Data section:
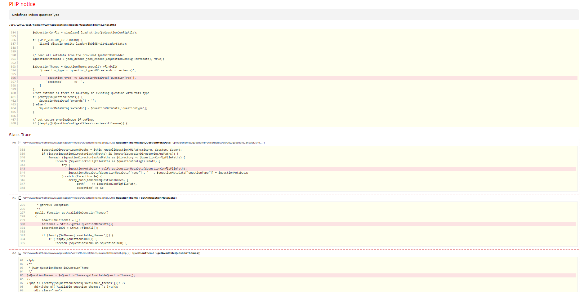| Description | After upgrading from LS 3 to LS 5, I get an error when I open "Configuration -> Themes -> Question Themes" and set it to "Type -> User Theme" and have the debug mode set to 1: Notice: Undefined index: questionType in /srv/www/test/home/www/application/models/QuestionTheme.php on line 396 Notice: Undefined index: questionType in /srv/www/test/home/www/application/models/QuestionTheme.php on line 438 Notice: Undefined index: questionType in /srv/www/test/home/www/application/models/QuestionTheme.php on line 344 Notice: Undefined index: questionType in /srv/www/test/home/www/application/models/QuestionTheme.php on line 396 Notice: Undefined index: questionType in /srv/www/test/home/www/application/models/QuestionTheme.php on line 344 Notice: Undefined index: questionType in /srv/www/test/home/www/application/models/QuestionTheme.php on line 396 Notice: Undefined index: questionType in /srv/www/test/home/www/application/models/QuestionTheme.php on line 344 Notice: Undefined index: questionType in /srv/www/test/home/www/application/models/QuestionTheme.php on line 396 Notice: Undefined index: questionType in /srv/www/test/home/www/application/models/QuestionTheme.php on line 438 Notice: Undefined index: questionType in /srv/www/test/home/www/application/models/QuestionTheme.php on line 344 Notice: Undefined index: questionType in /srv/www/test/home/www/application/models/QuestionTheme.php on line 396 Notice: Undefined index: questionType in /srv/www/test/home/www/application/models/QuestionTheme.php on line 438 Notice: Undefined index: questionType in /srv/www/test/home/www/application/models/QuestionTheme.php on line 344 Notice: Undefined index: questionType in /srv/www/test/home/www/application/models/QuestionTheme.php on line 396 Notice: Undefined index: questionType in /srv/www/test/home/www/application/models/QuestionTheme.php on line 438 Notice: Undefined index: questionType in /srv/www/test/home/www/application/models/QuestionTheme.php on line 344 Notice: Undefined index: questionType in /srv/www/test/home/www/application/models/QuestionTheme.php on line 396 Notice: Undefined index: questionType in /srv/www/test/home/www/application/models/QuestionTheme.php on line 438 Notice: Undefined index: questionType in /srv/www/test/home/www/application/models/QuestionTheme.php on line 344 Notice: Undefined index: title in /srv/www/test/home/www/application/models/QuestionTheme.php on line 722 Notice: Undefined index: type in /srv/www/test/home/www/application/models/QuestionTheme.php on line 734 Notice: Undefined index: questionType in /srv/www/test/home/www/application/models/QuestionTheme.php on line 735 Notice: Undefined index: type in /srv/www/test/home/www/application/models/QuestionTheme.php on line 734 Notice: Undefined index: questionType in /srv/www/test/home/www/application/models/QuestionTheme.php on line 735 Notice: Undefined index: title in /srv/www/test/home/www/application/models/QuestionTheme.php on line 722 Notice: Undefined index: type in /srv/www/test/home/www/application/models/QuestionTheme.php on line 734 Notice: Undefined index: questionType in /srv/www/test/home/www/application/models/QuestionTheme.php on line 735 Notice: Undefined index: title in /srv/www/test/home/www/application/models/QuestionTheme.php on line 722 Notice: Undefined index: type in /srv/www/test/home/www/application/models/QuestionTheme.php on line 734 Notice: Undefined index: questionType in /srv/www/test/home/www/application/models/QuestionTheme.php on line 735 Notice: Undefined index: title in /srv/www/test/home/www/application/models/QuestionTheme.php on line 722 Notice: Undefined index: type in /srv/www/test/home/www/application/models/QuestionTheme.php on line 734 Notice: Undefined index: questionType in /srv/www/test/home/www/application/models/QuestionTheme.php on line 735 Notice: Undefined index: title in /srv/www/test/home/www/application/models/QuestionTheme.php on line 722 Notice: Undefined index: type in /srv/www/test/home/www/application/models/QuestionTheme.php on line 734 Notice: Undefined index: questionType in /srv/www/test/home/www/application/models/QuestionTheme.php on line 735 When I set the DebugMode to 2, I get the following error message see screenshot. | ||||
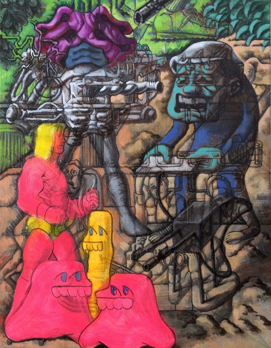 最近考えている事は、以下の事です。「怖がる→攻撃的になる→敵を倒す」本能に従うと、このパターンになり、これは娯楽にもなります。ビデオゲームにもそれは感じられ、それを楽しんでいる自分もいます。自分の描く絵にもこの原理は入っています。しかし、現実生活で攻撃性をちらつかせると問題があります。最近の現実生活では、まずは怖がらない事を自分に言い聞かせています。そんな訳で、今回の展覧会タイトルを「Don't be afraid」としました。
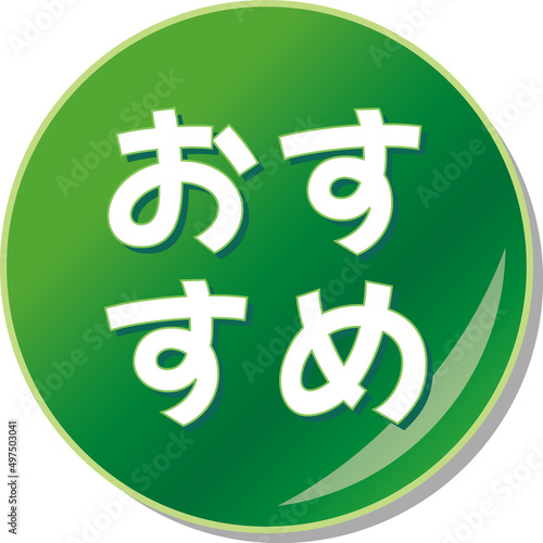 © tota, Obraz premium 「おすすめ」の文字が描かれた緑色の缶バッチアイコンのベクターイラスト
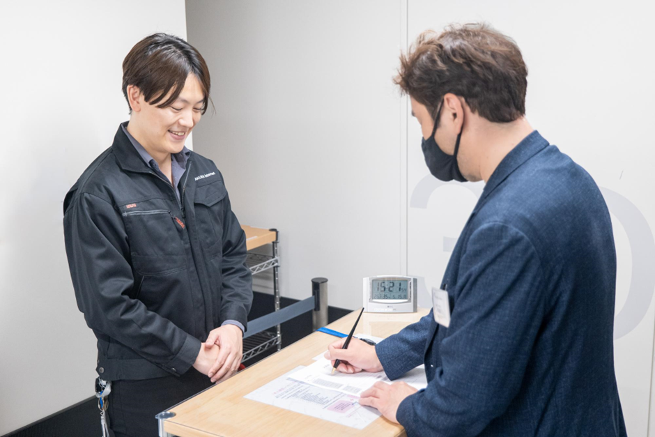 そうなんですよ。対面でのお客さまとのやり取りには、前職の営業経験を活かせていると感じますね。所作や言葉遣いなどについては、新人スタッフへの教育時に見本となれるように意識して取り組んでいます。

Exercise requirements: Pictures are to be dropped, and the lines from the line with "Obraz premium 「おすすめ」の文字が描かれた緑色の缶バッチアイコンのベクターイラスト" through the end of the material above are to be reproduced exactly.

Answer to the exercise:
 © tota, Obraz premium 「おすすめ」の文字が描かれた緑色の缶バッチアイコンのベクターイラスト
 そうなんですよ。対面でのお客さまとのやり取りには、前職の営業経験を活かせていると感じますね。所作や言葉遣いなどについては、新人スタッフへの教育時に見本となれるように意識して取り組んでいます。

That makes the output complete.